Aeschylus’ dramatic account of the immediate aftermath of Xerxes’ invasion of Greece and disastrous defeat in the Battle of Salamis. Like Herodotus, Aeschylus depicts Xerxes I of Persia as a presumptuous figure, blinded by his inherited wealth and power, driven mad and punished by god for his hubris.
I wonder what the poets and historians would have said if Xerxes had succeeded in conquering Greece. He wasn’t the only one with an enormous ambition to rival the gods in glory and dominion over nature and the peoples of the world. Aren’t we all, to a certain degree?
The Ghost of the Past
As in “Oresteia“, Aeschylus adds depth and scope to his play by providing a historical and transcendent perspective. He conjures up the ghost of Xerxes’ father, King Darius, who contrasts his son’s folly with the prudence of the past kings, and prophesies future divine retribution upon his son.

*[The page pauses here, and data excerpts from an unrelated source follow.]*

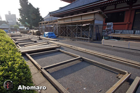 秋深き・・・。夏のジメジメ感が薄れ、カラッとした朝は気持ちが良いですね。おかげで、今朝のモモちゃん、我が家を出た瞬間から元気に走るように歩いてくれましたよ。それは良いとして、最近はあほまろの方がお疲れ気味なんです。昨夜も早く床に着いたのですが、あれこれ考えているうちになかなか眠ることが出来なかったんです。おまけにカメラにメモリーカードを入れるのを忘れるし(でも、かつての反省から、最近は通い袋の中にちゃんと予備を入れていたので大丈夫でしたけどね)、喉が渇いたので自動販売機で水を買ったは良いけど、ボトルを取り出すのを忘れて引き返したり、モモちゃんの元気さとは裏腹に、あほまろはまぬけでしたよ。 今、この日記を書いている途中にもウトウトしてしまうほど寝不足気味なんですよね・・・。そんな時はあたまの回転も鈍っているので、まともな文章も書けなくなってしまいそう、なんてこと理由にしたところで、これまでの日記もみんなまともな文章では無いんですけどね。 毎年、12月になると雷門の真ん前の並木通りの中央分離帯に五重塔や三社祭を描いたイルミネーションが光ます。それがもう取り付けられました。これも来月から始まる「浅草大観光祭」に花を添えようと早めの設置がなされたのでしょうね。すでにご存じの通り、今年は浅草寺本堂落慶50周年記念大開帳が行われます。大開帳の期間中は、普段は公開されていない伝法院の庭園と、浅草寺に伝わる寺宝も一般公開されることで、普段よりも多くの観光客が訪れるとこでしょう。一日中浅草で遊び、暗くなっても観光客の目を楽しませてくれるのですね。 それは良いとして、実は・・・、この中央分離帯の植え込み一帯がモモちゃんの朝の用足し場になっているのです。今朝のモモちゃん、あれ、もう始まってしまったんだな・・・、ここでの用足しは遠慮し、道路で済ませてしまいましたよ。年をとるに従って神経質になるモモちゃん、いつもと違う雰囲気に敏感になっているので、これが設置されている間の用足しは、ちょっと離れた別の場所にしなければいけないんですよ。そのためにはもうちょっと早く散歩に出かけなくっちゃ・・・。あぁ、またまた寝不足が溜まってしまいそうだよ・・・。 浅草寺境内の垣根の柱に誰かが落とした自転車のカギがぶら下がっています。その横に、「平成本堂大改修ご寄進のお願い 一口壱万円」と書かれた紙に赤字で「わすれ物」、まるで自転車のカギを拾ってあげたのでご寄進をお願いしますとでもいってるようで、これって何か「まぬけもの」ですよね・・・。
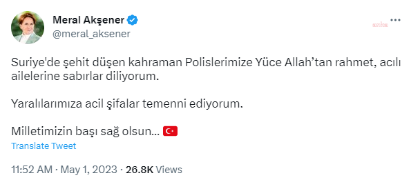 İYİ Parti Genel Başkanı Meral Akşener, Suriye’de meydana gelen patlamada şehit olan polisler için taziye telgrafı yayınladı. Akchner, Twitter hesabından yaptığı paylaşımda, “Suriye’de şehit olan kahraman polislerimize Yüce Allah’tan rahmet, kederli ailelerine sabırlar diliyorum. Yaralılarımıza acil şifalar diliyorum. Milletimizin başı sağolsun…”
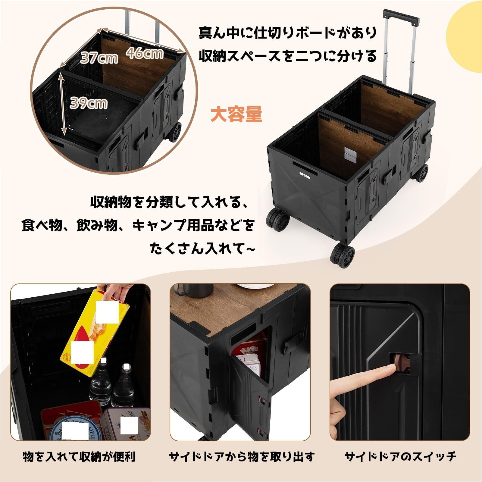 キャリーワゴン キャンプカート 大型 テーブルとも使える アウトドアワゴン 大容量 折りたたみ キャスター付き 耐荷重60kg アウトドア キャンプ ピクニック 釣り 花見 運動会 (ブラック)

Dickens might have used Aeschylus’ device in “A Christmas Carol“, except that he employed three ghosts instead of one. The difference thereof could be an indication of the difference in the conception of time between the ancient Greeks and Anglicans. For the Greeks, time, viewed from the perspective of the gods, is one — as past, present and future are all determined by the Fates; whereas for the Anglicans, they are separate, and the future can be altered by the individual concerned.
For Ruin begins by fawning on a man in a friendly way [as Cerberus does to those arriving at the gates of Hades], and leads him astray into her net, from which it is impossible for a mortal to escape and flee.